The output gives new_companies and faded_companies. Use these to populate the "New To Radar" and "Faded Off Radar" sections below.

Output template:

## VC Radar: {Sector Display Name} — Week of {YYYY-MM-DD}

### What's Moving

[For each theme, exactly 3 lines:]
- **{Theme Name}** — {TAG (Nw)}. {one-line why-now in <120 chars}.
  Companies riding this: {N}

[6-8 themes max. TAG is one of NEW, ACCELERATING (#prev → #curr), PERSISTENT (Nw), or omitted if no tag. (Nw) means "N weeks active".]

### Company Radar ({N} companies)

| Company | Sector | Theme | Interest | Evidence | Attio | Action | Why On Radar | Why This May Be Noise | Sources |
|---------|--------|-------|----------|----------|-------|--------|--------------|------------------------|---------|
| MintMCP | AI Infra | MCP Infra | High | Medium | unknown | assign owner | First SOC2-compliant MCP gateway, picking up enterprise pilots | New category; buyer urgency unproven | [1](...) |
| CodeRabbit | Devtools | AI Code Review | Medium | High | unknown | monitor only | 2M repos, 13M PRs reviewed | Crowded category; likely consensus | [1](...) |
| ... | ... | ... | ... | ... | ... | ... | ... | ... | ... |

[30-50 rows. For `all`, group by sector after the cross-sector top 10-15. Include NEW / RETURNING / PERSISTENT tags inside Why On Radar when useful instead of adding a separate tag column.]

### New To Radar This Week ({N} companies)

[Bulleted list, max 10. If more than 10 are new, show top 10 by best evidence and note "+N more in the table above".]
- {Company} — {primary_theme}. {why_on_radar}
- ...

### Faded Off Radar ({N} companies)

[Bulleted list, max 10. From company-diff faded_companies.]
- {Company} — last seen {date}, was in {primary_theme}.

### Theme Detail

[For each theme, 2-3 lines max. NOT the long-form analysis from v1. Pointer to deep-dive.]
- **{Theme}** ({company_count} companies) — {2-sentence context}.
  Run `/vc-signals deep "{Theme}"` for full evidence and subthemes.

Sorting rules:

Themes in "What's Moving" are sorted by tag (NEW → ACCELERATING → PERSISTENT → no-tag), then by momentum descending.
Company Radar rows are sorted by primary_theme (matching the order themes appear in "What's Moving"), then alphabetically by company name within each theme.
New To Radar is sorted by primary_theme matching above.

Length budget: the entire radar should fit in roughly 150-250 lines. If it's longer, the per-theme detail is too verbose — tighten it.

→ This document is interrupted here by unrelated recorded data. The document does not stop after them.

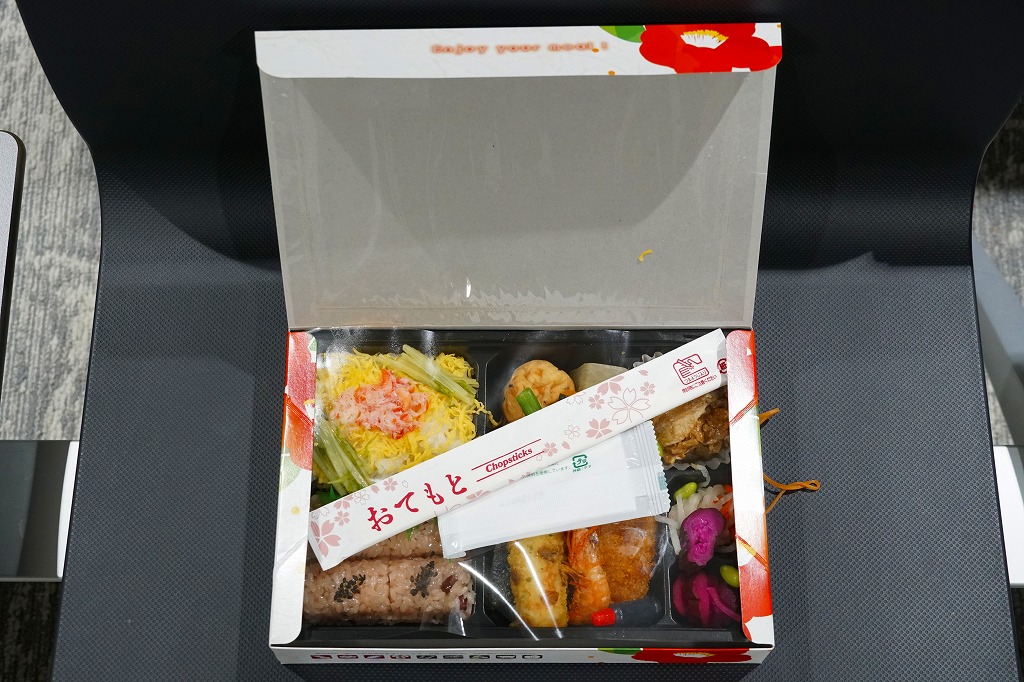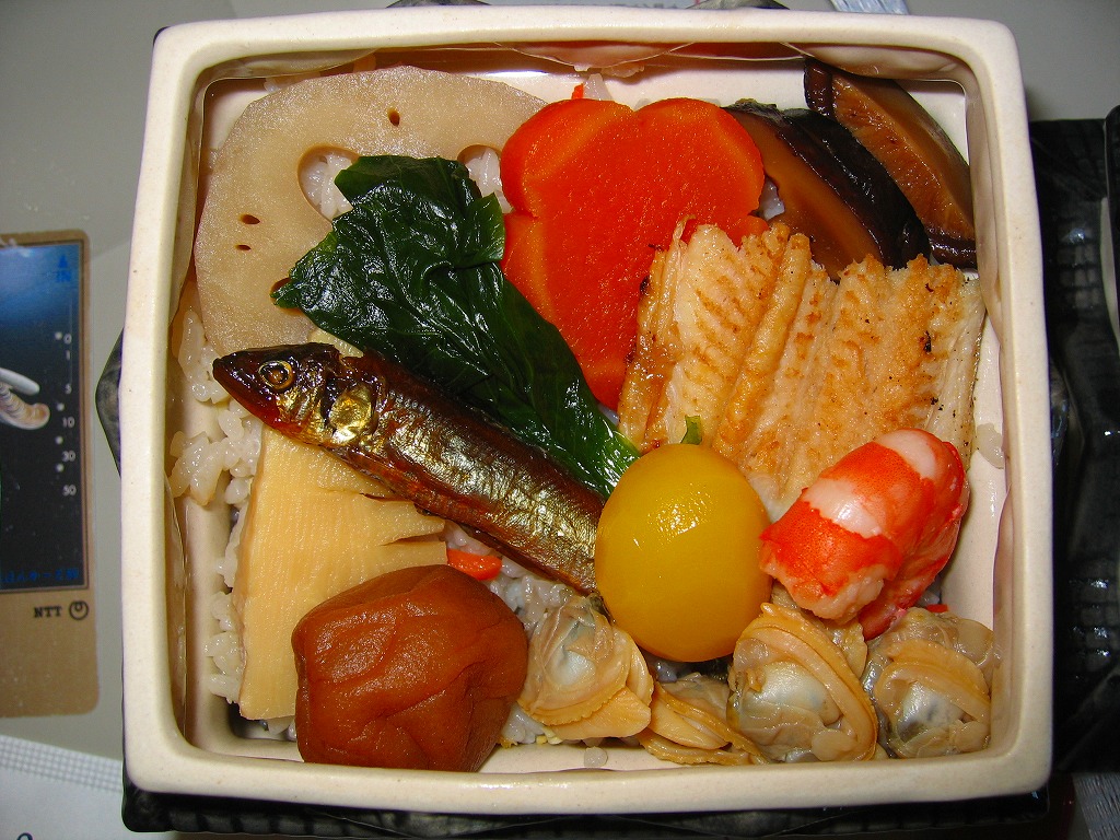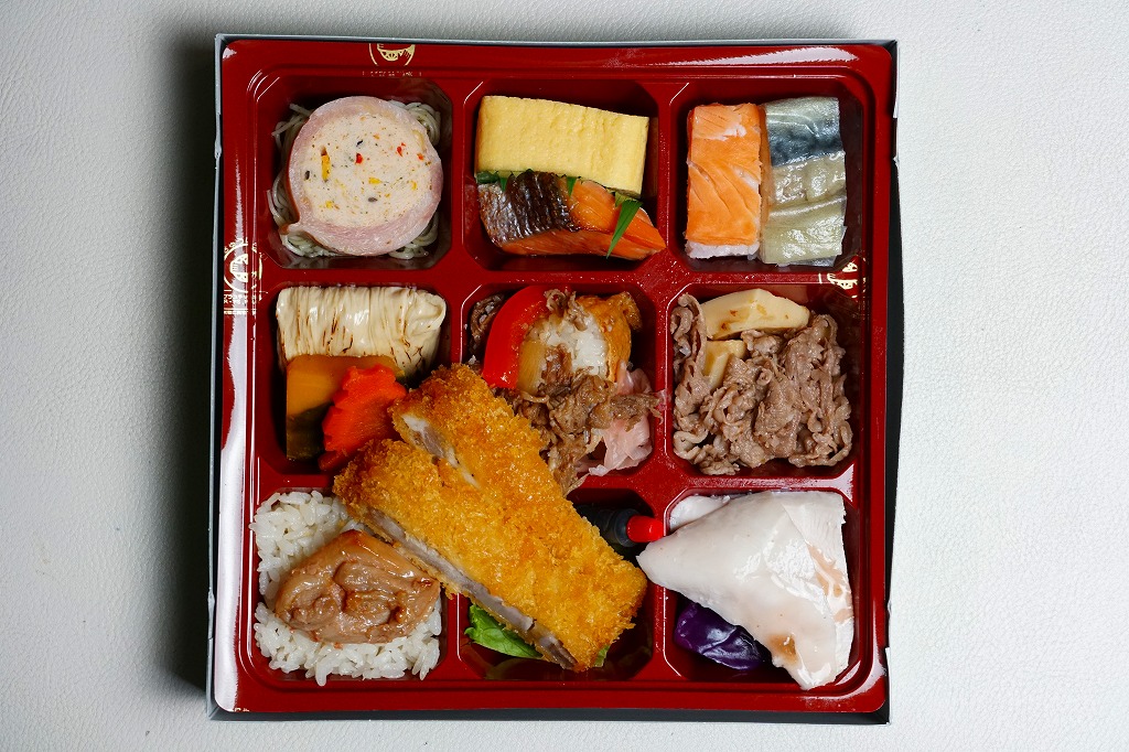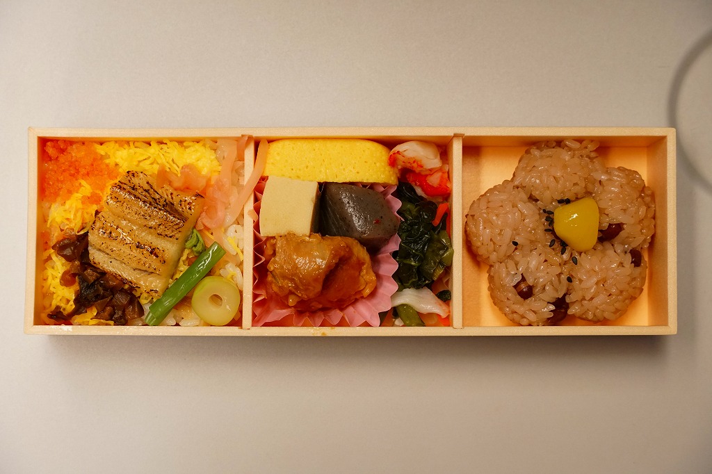 2010年代か、それ以前から存在していた商品か。もとは調製元の仕出し弁当店ブランド「味三昧」で取り扱われ、のちに駅弁売店で出てきたのではないかと思う。ふたに商品名を描いた細身の容器は、長方形3個分。その左右に栗を載せた花形の赤飯と、アナゴやシイタケなどのちらし寿司を据え、中央に鶏照焼、高野豆腐、こんにゃく煮、小松菜漬、玉子焼、かに風味蒲鉾などのおかずや付合せ。駅弁の発想では生まれないようにみえる、軽食以上の分量を持つ小箱。価格は2017年時点で600円、2023年時点で700円、2024年時点で780円、2025年時点で880円。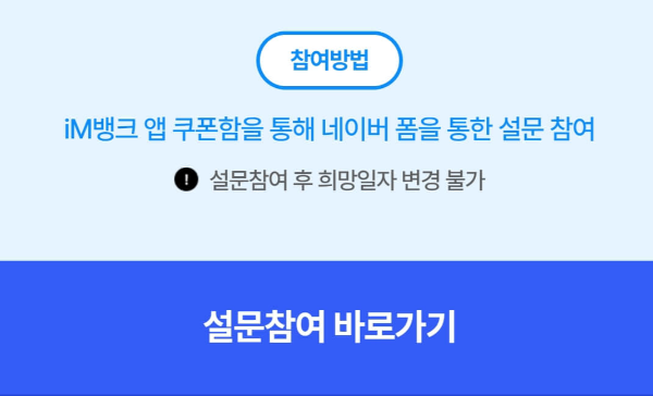 응모방법 : 대구은행 IM뱅크 앱 쿠폰함을 통해 네이버 폼을 통한 설문 참여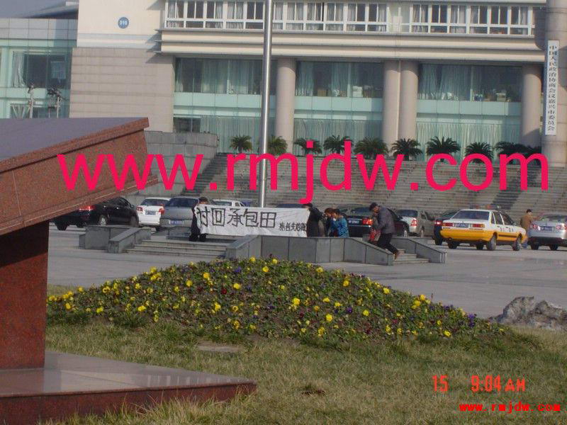 2月15日是嘉兴市政府信访接待日,清晨,我们嘉善县八个农民不约而同乘上6时30分的头班公交车,从嘉善县赶往嘉兴市区。一路上,我们互诉冤情,才知道都是上访人,都是为讨要承包田而来,就相约到市政府向国旗下跪、讨田、诉冤。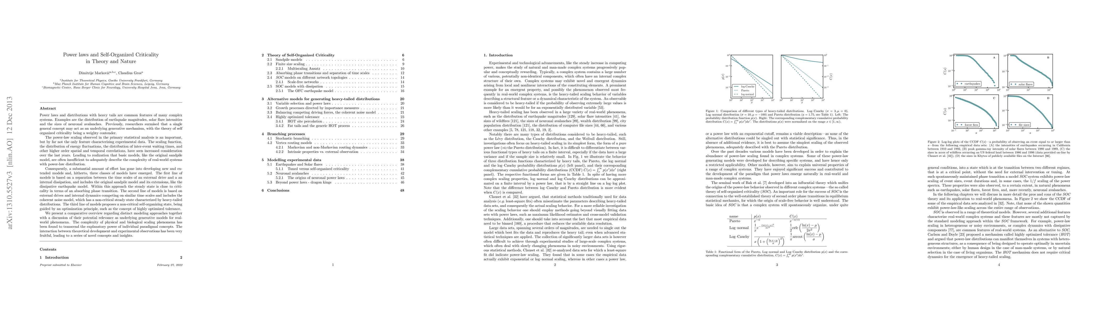 Power laws and distributions with heavy tails are common features of many experimentally studied complex systems, like the distribution of the sizes of earthquakes and solar flares, or the duration of neuronal avalanches in the brain. Previously, researchers surmised that a single general concept may act as a unifying underlying generative mechanism, with the theory of self organized criticality being a weighty contender. Consequently, a substantial amount of effort has gone into developing new and extended models and, hitherto, three classes of models have emerged. The first line of models is based on a separation between the time scales of drive and dissipation, and includes the original sandpile model and its extensions, like the dissipative earthquake model. Within this approach the steady state is close to criticality in terms of an absorbing phase transition. The second line of models is based on external drives and internal dynamics competing on similar time scales and includes the coherent noise model, which has a non-critical steady state characterized by heavy-tailed distributions. The third line of models proposes a non-critical self-organizing state, being guided by an optimization principle, such as the concept of highly optimized tolerance. We present a comparative overview regarding distinct modeling approaches together with a discussion of their potential relevance as underlying generative models for real-world phenomena. The complexity of physical and biological scaling phenomena has been found to transcend the explanatory power of individual paradigmal concepts. The interaction between theoretical development and experimental observations has been very fruitful, leading to a series of novel concepts and insights.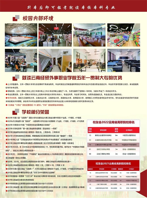 云南经贸外事职业学院是云南省五年制大专办学最早、规模最大、专业最全、校园最美的大学之一,被政府评为“云南省特色骨干高等职业院校、云南省优质高职院校建设单位、云南省管理水平提升行动计划高职院校管理15强、云南省八个示范性职教集团之一、云南省职业院校现代学徒制试点单位”等。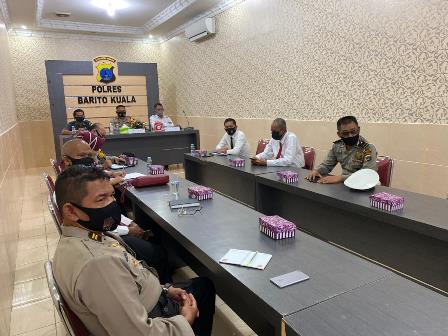 Kegiatan Vicon yang di hadiri oleh Kapolres Batola AKBP Lalu Moh Syahir Arif, S.I.K., S.H.,M.M, Ketua Komisioner KPU Kabupaten Batola, Ketua Komisioner Bawaslu Kabupaten Batola, PJU Polres Batola, Perwira Polres Batola.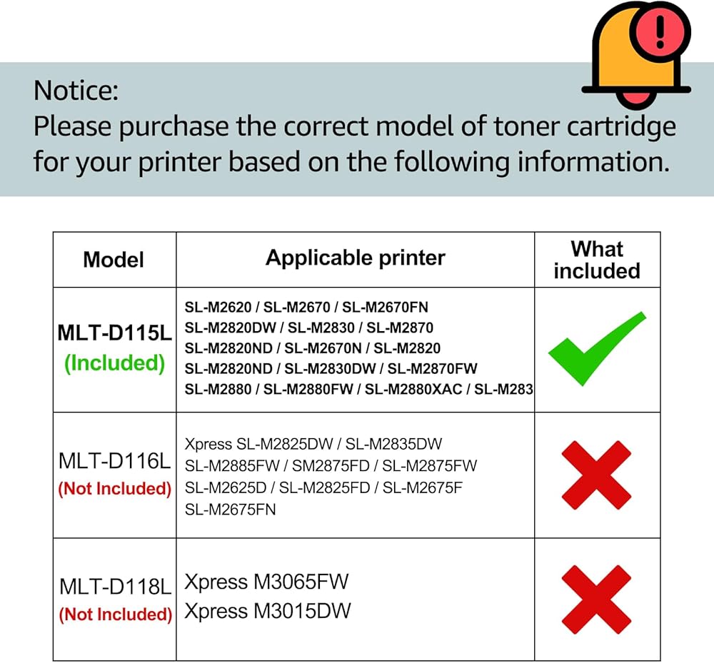 Page Yield: Up to 3,000 pages per MLT-D115L black toner cartridge (based on 5% coverage of Letter size Paper). Actual toner yield varies with usage, graphics printed and environmental conditions.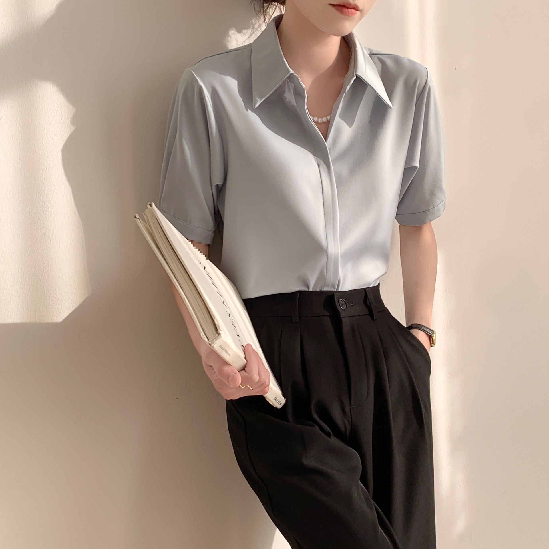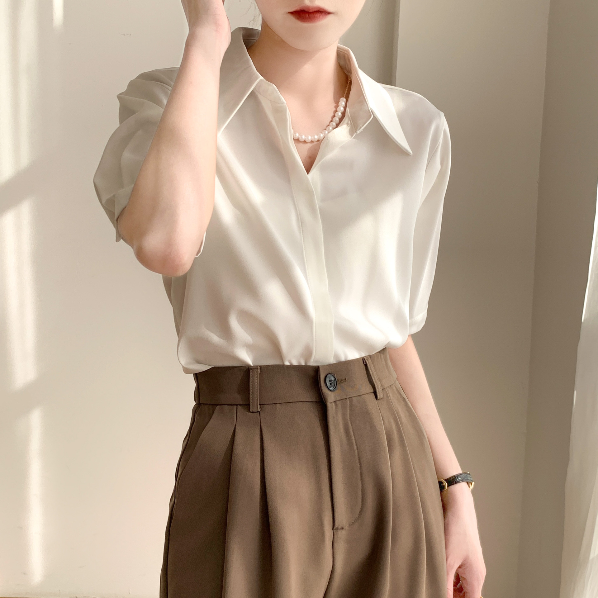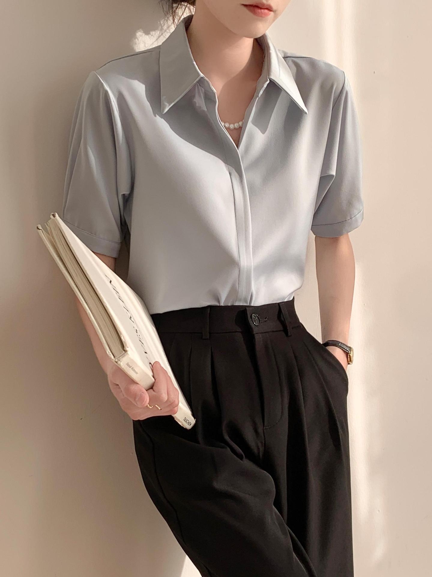白色衬衫女短袖夏季薄款职业气质设计感小众中袖抗皱免烫衬衣上衣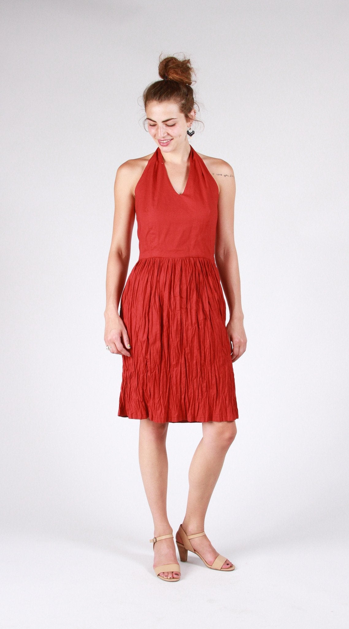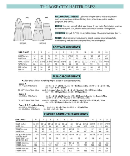 The Rose City Halter is a classic and timeless dress that is sure tol be wardrobe worthy for years to come. It features a lined, fitted bodice with bust darts, a V-neckline, halter neck ties, an invisible side zipper and a hemline that falls at the knees. There are 2 skirt versions. Version A features a gathered skirt with in-seam pockets. Version B features an A-line, bias cut skirt with curved patch pockets. This is an intermediate level pattern. Sizes 0 - 20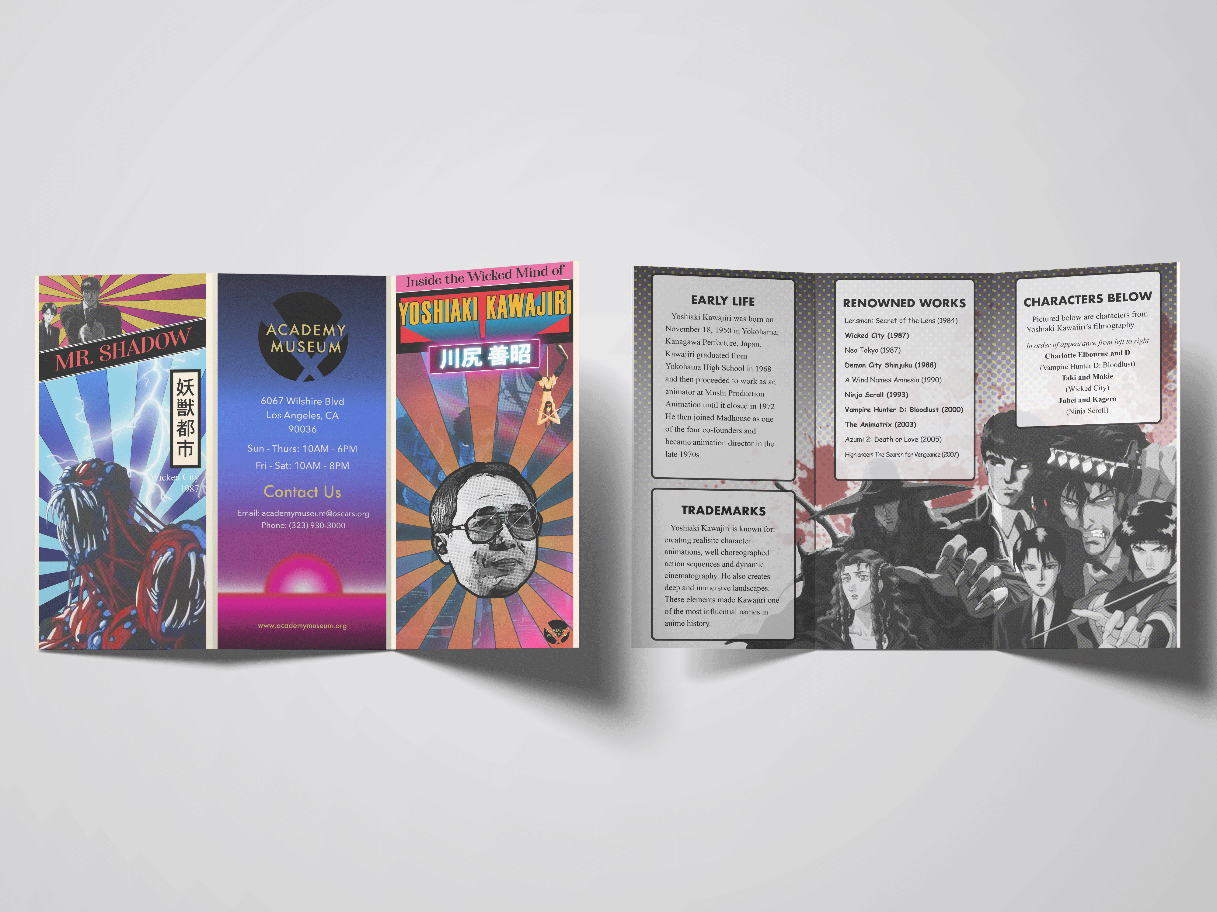 We were tasked to create multiple branding elements to promote an artist of our choice at a museum that would suit their work. These elements were: a brochure for the exhibit, a poster to advertise the exhibit, and unique merchandise to promote the museum/exhibit. We were also tasked to create a new logo for the museum of our choice. The logo was to be an entirely new design mainly for the museum itself rather than to promote the exhibit of the artist. For this project, I chose anime director Yoshiaki Kawajiri as my artist and The Academy Musuem to represent his work.

Slack Delivery Instructions

If the user asks to schedule or post to Slack:

Default schedule: Monday 8:00 AM ET.
Channel is intentionally not hardcoded. Ask for or read the configured channel name at scheduling time.
Slack teaser should include only the top 10-15 cross-sector companies/projects, their sector, Investment Interest, Evidence Confidence, Attio status, action, and one-line noise caveat.
Attach or link the full Markdown briefing. Do not paste the full 30-50 row table into Slack by default.

To modify later: change the channel name in the scheduler/Slack connector configuration, not in the radar logic. If no channel is configured, save the briefing and print: "Slack channel not configured yet; set VC_SIGNALS_SLACK_CHANNEL or update the scheduler prompt with the desired channel."

Step 9: Persist Results

Order matters. Snapshot the OLD indices, compute tags from the snapshots (so NEW tags fire correctly for first-time entries), THEN update the indices, THEN save. Computing tags after the update breaks NEW: the entry exists in the index by then.

Step 9a: Snapshot the OLD indices (before any updates)

OLD_THEME_INDEX=$(cat <skill_dir>/data/history/theme_index.json 2>/dev/null || echo "{}")
OLD_COMPANY_INDEX=$(python3 <skill_dir>/scripts/persistence.py load-company-index)

Step 9b: Compute tags from the OLD snapshots

echo '{"themes": <THEMES_JSON>, "companies": <COMPANIES_JSON>, "theme_index": '"$OLD_THEME_INDEX"', "company_index": '"$OLD_COMPANY_INDEX"'}' | \
  python3 <skill_dir>/scripts/persistence.py compute-tags

The output enriches each theme and company with a tag field (NEW / ACCELERATING / RETURNING / PERSISTENT / null). Use these tags when rendering the markdown for Step 8 — re-render that section using the tagged data before saving.

Step 9c: Update the theme index

cat <<'THEMES_EOF' | python3 <skill_dir>/scripts/persistence.py update-index --sector <SECTOR> --date $(date +%Y-%m-%d)
[the JSON themes array goes here]
THEMES_EOF

Step 9d: Update the company index (NEW in Phase 1)

cat <<'COMPANIES_EOF' | python3 <skill_dir>/scripts/persistence.py update-company-index --sector <SECTOR> --date $(date +%Y-%m-%d)
[the JSON companies array goes here]
COMPANIES_EOF

Step 9e: Save the briefing JSON (themes + companies in one call)

cat <<'BRIEFING_EOF' | python3 <skill_dir>/scripts/persistence.py save-briefing --sector <SECTOR> --retrieval-path <websearch|last30days> --date $(date +%Y-%m-%d)
{"themes": [the tagged themes array], "companies": [the tagged companies array]}
BRIEFING_EOF

Step 9f: Save the rendered markdown

cat <<'MD_EOF' | python3 <skill_dir>/scripts/persistence.py save-markdown --subdir briefings --slug <SECTOR> --date $(date +%Y-%m-%d)
[the rendered radar markdown content goes here]
MD_EOF

If any persistence step fails, warn the user but still display the full briefing inline. Do not crash.

Mode: Agent-Native Research Workbench

Trigger: /vc-signals workbench <run-dir>

Use this when the user wants Codex/Claude's own LLM judgment over a weekly run, especially when grounded company discovery is unavailable or the radar is OSS-heavy.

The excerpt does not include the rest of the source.